TASK DIRECTIONS: From the listing below, retype exactly the line holding "此次黨日活動(dòng)分為", the line holding "Handblown and formed", and the lines between them; skip everything else.
***** MATERIAL FOR THIS EXERCISE
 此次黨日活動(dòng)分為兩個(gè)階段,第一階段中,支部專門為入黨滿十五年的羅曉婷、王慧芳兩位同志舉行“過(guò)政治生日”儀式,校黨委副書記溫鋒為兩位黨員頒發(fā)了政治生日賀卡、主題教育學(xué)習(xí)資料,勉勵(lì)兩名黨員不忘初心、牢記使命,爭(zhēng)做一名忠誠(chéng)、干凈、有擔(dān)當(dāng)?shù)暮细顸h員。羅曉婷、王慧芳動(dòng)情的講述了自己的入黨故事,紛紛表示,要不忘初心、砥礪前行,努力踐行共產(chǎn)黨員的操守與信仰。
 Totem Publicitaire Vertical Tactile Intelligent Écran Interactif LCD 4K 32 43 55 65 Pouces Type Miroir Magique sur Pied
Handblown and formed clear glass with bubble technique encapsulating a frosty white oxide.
**********
***** MATERIAL FOR THIS EXERCISE
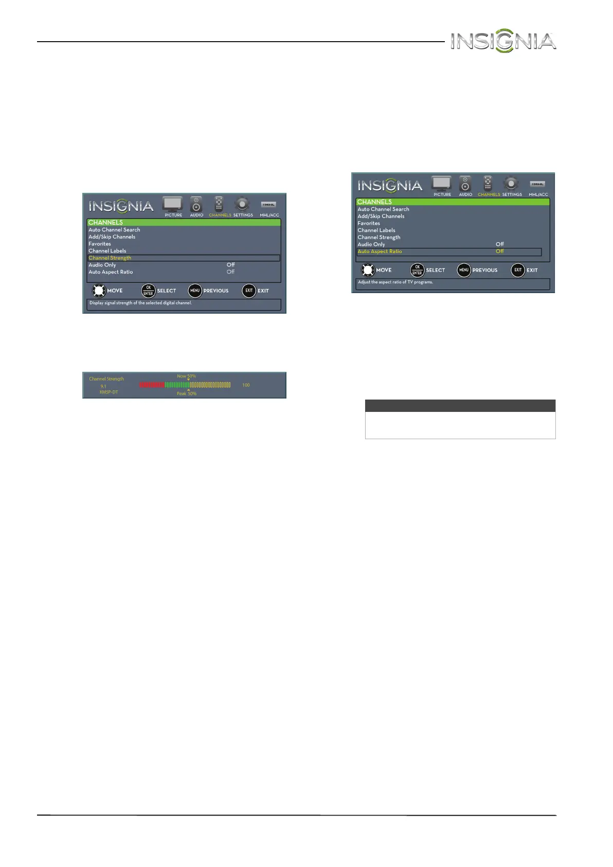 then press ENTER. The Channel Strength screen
**********
WRITTEN REPLY:
 此次黨日活動(dòng)分為兩個(gè)階段,第一階段中,支部專門為入黨滿十五年的羅曉婷、王慧芳兩位同志舉行“過(guò)政治生日”儀式,校黨委副書記溫鋒為兩位黨員頒發(fā)了政治生日賀卡、主題教育學(xué)習(xí)資料,勉勵(lì)兩名黨員不忘初心、牢記使命,爭(zhēng)做一名忠誠(chéng)、干凈、有擔(dān)當(dāng)?shù)暮细顸h員。羅曉婷、王慧芳動(dòng)情的講述了自己的入黨故事,紛紛表示,要不忘初心、砥礪前行,努力踐行共產(chǎn)黨員的操守與信仰。
 Totem Publicitaire Vertical Tactile Intelligent Écran Interactif LCD 4K 32 43 55 65 Pouces Type Miroir Magique sur Pied
Handblown and formed clear glass with bubble technique encapsulating a frosty white oxide.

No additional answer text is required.